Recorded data

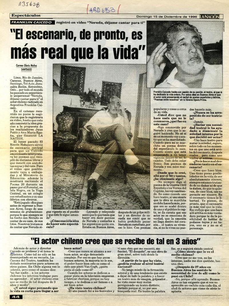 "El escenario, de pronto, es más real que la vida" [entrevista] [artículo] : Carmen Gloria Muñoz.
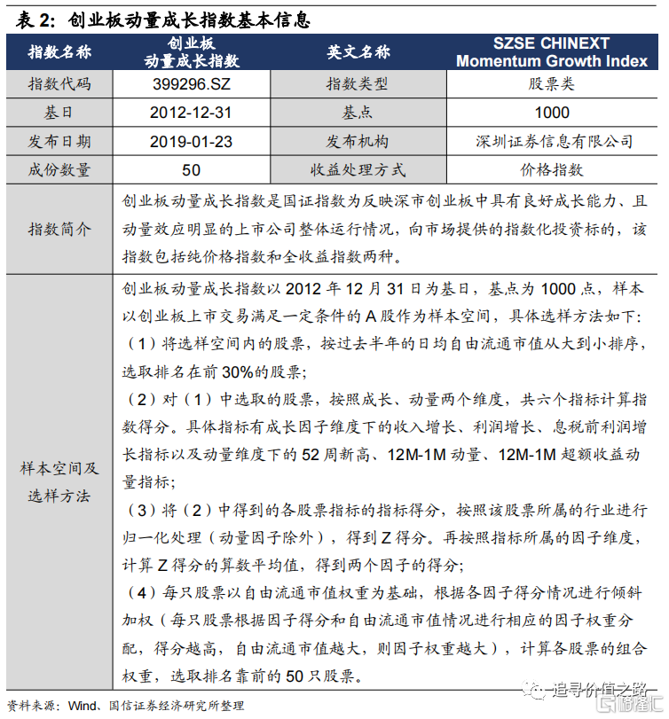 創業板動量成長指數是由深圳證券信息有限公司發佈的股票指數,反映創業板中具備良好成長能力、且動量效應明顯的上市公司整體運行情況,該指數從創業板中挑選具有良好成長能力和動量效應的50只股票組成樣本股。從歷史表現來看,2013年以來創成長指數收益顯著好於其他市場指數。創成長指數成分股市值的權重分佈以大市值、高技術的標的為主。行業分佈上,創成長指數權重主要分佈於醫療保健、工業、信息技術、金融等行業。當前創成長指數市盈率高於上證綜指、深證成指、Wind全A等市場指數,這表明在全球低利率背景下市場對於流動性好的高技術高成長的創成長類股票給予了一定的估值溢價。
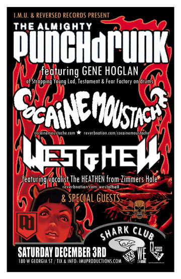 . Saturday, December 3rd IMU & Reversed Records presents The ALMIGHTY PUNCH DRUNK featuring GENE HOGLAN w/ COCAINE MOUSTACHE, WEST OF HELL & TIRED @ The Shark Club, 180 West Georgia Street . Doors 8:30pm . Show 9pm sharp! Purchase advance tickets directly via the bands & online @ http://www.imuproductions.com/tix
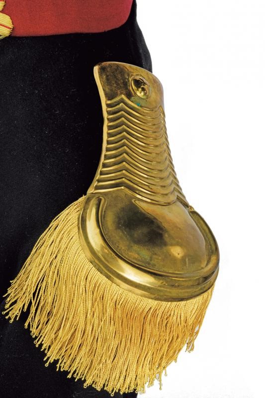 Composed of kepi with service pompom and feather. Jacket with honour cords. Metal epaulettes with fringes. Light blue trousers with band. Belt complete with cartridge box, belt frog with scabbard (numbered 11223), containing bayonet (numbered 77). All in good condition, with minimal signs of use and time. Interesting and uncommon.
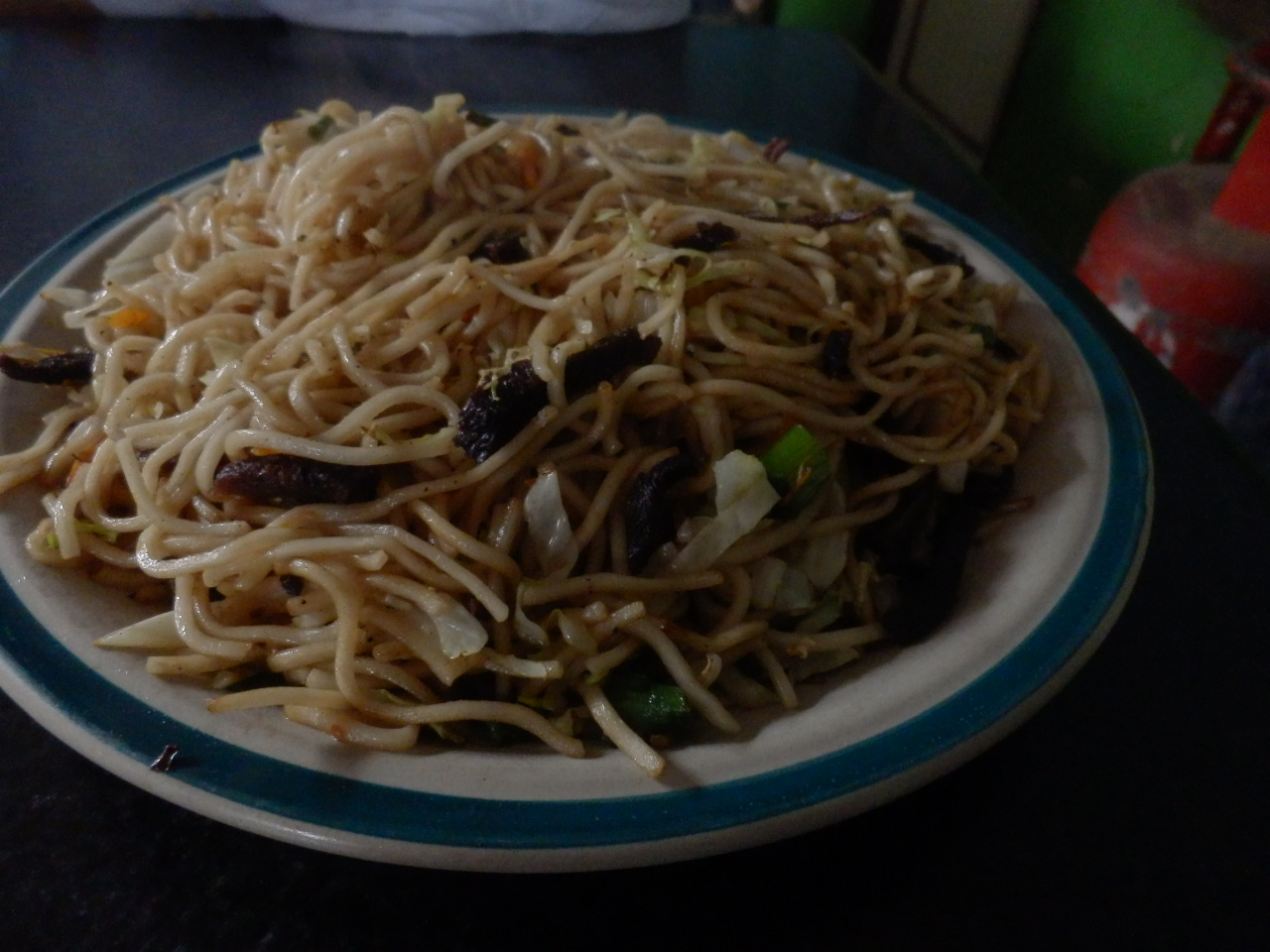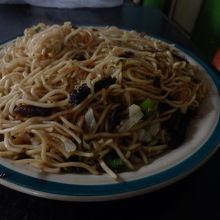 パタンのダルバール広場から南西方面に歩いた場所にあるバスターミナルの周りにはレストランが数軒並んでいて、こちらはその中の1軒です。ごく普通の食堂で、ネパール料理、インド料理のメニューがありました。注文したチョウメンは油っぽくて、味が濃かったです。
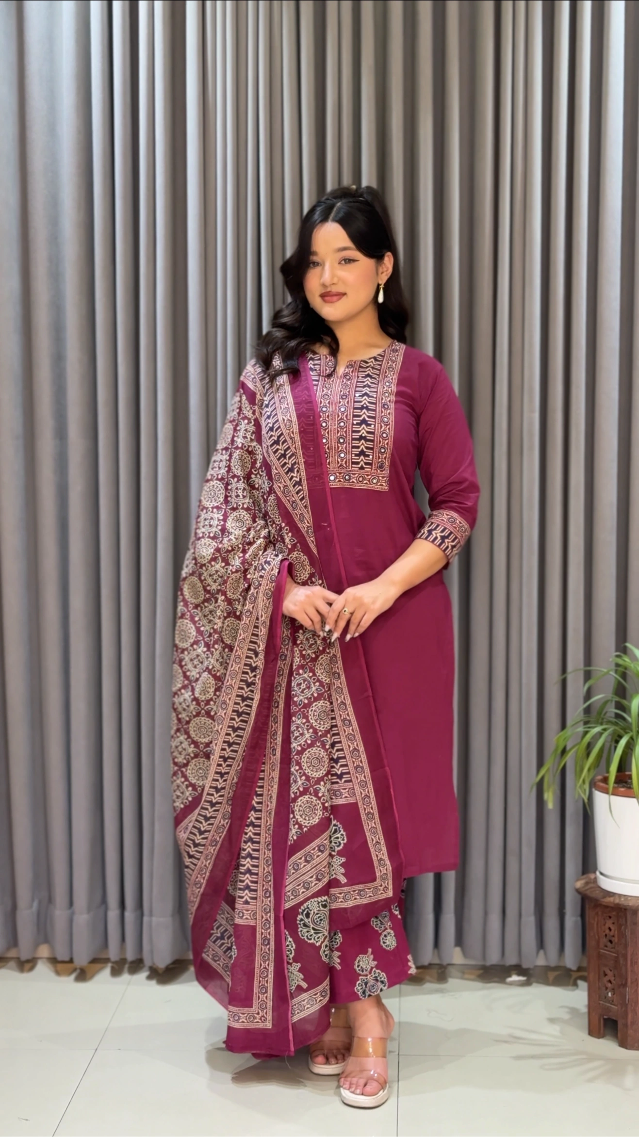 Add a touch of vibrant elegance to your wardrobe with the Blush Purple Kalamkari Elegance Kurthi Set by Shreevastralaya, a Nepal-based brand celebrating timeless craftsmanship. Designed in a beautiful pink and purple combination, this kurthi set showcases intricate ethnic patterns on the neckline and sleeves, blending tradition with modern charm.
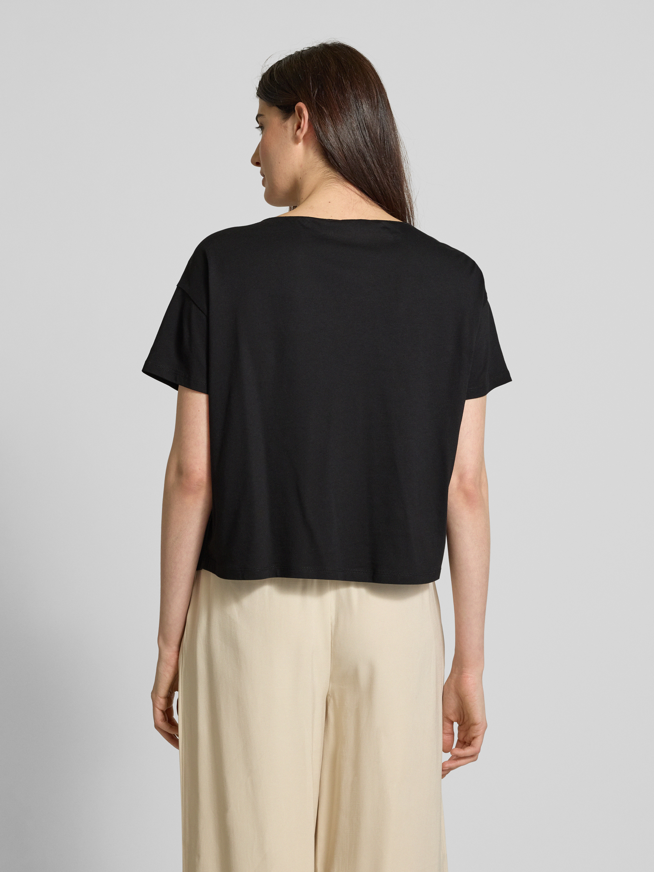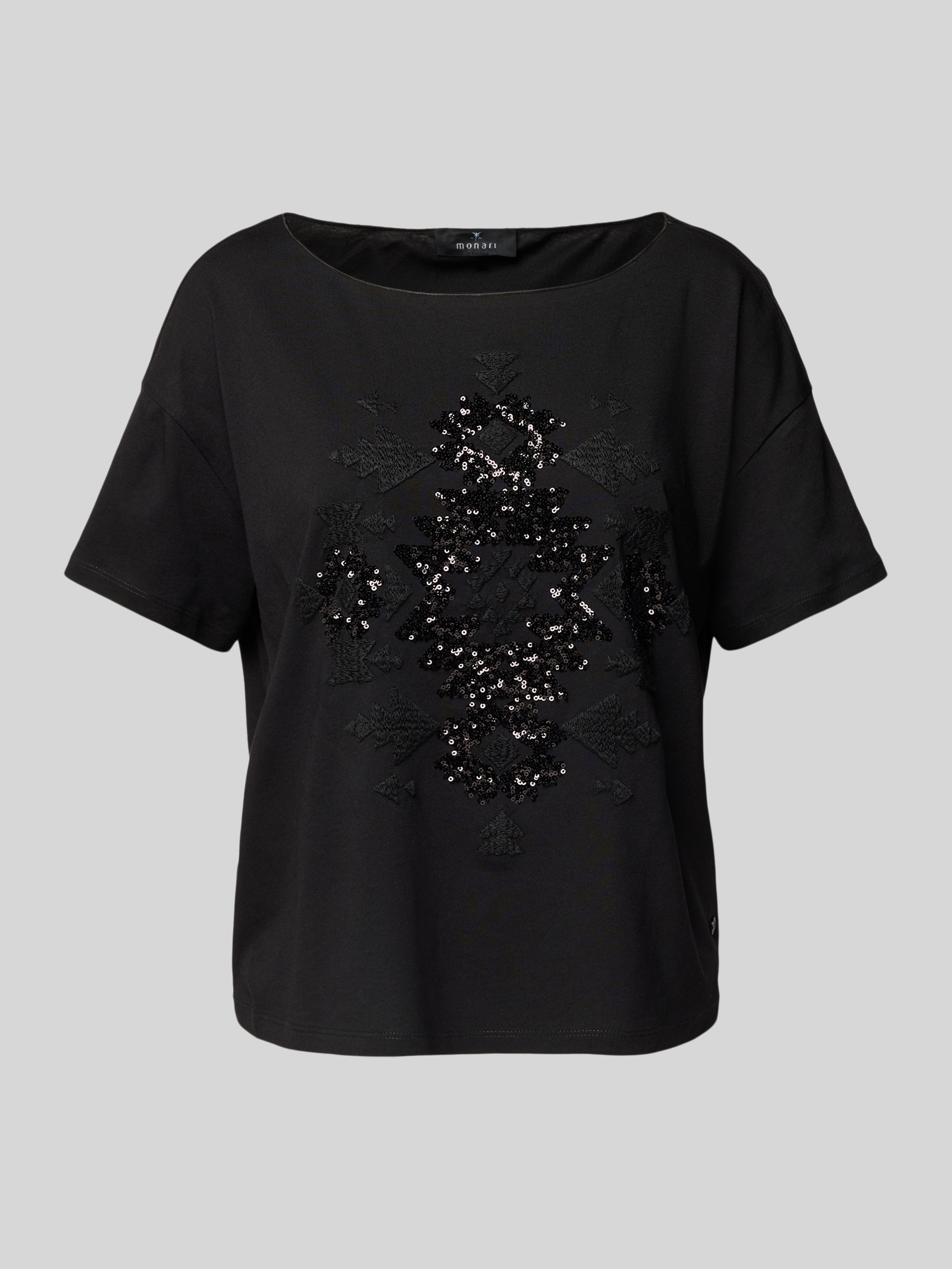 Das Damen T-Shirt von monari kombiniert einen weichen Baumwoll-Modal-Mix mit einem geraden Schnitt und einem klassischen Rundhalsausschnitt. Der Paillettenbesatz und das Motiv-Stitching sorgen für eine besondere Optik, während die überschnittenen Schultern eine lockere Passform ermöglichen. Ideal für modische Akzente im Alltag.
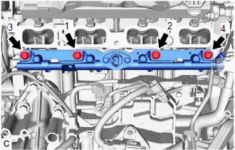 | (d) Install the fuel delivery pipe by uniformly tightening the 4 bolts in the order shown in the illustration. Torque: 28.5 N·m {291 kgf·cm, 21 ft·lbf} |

PROBLEM TO SOLVE.
Give exactly the lines above that run from the line with "online @ http://www.imuproductions.com/tix" to the line with "パタンのダルバール広場から南", both included, leaving every picture out.

EXERCISE RESPONSE.
 . Saturday, December 3rd IMU & Reversed Records presents The ALMIGHTY PUNCH DRUNK featuring GENE HOGLAN w/ COCAINE MOUSTACHE, WEST OF HELL & TIRED @ The Shark Club, 180 West Georgia Street . Doors 8:30pm . Show 9pm sharp! Purchase advance tickets directly via the bands & online @ http://www.imuproductions.com/tix
 Composed of kepi with service pompom and feather. Jacket with honour cords. Metal epaulettes with fringes. Light blue trousers with band. Belt complete with cartridge box, belt frog with scabbard (numbered 11223), containing bayonet (numbered 77). All in good condition, with minimal signs of use and time. Interesting and uncommon.
 パタンのダルバール広場から南西方面に歩いた場所にあるバスターミナルの周りにはレストランが数軒並んでいて、こちらはその中の1軒です。ごく普通の食堂で、ネパール料理、インド料理のメニューがありました。注文したチョウメンは油っぽくて、味が濃かったです。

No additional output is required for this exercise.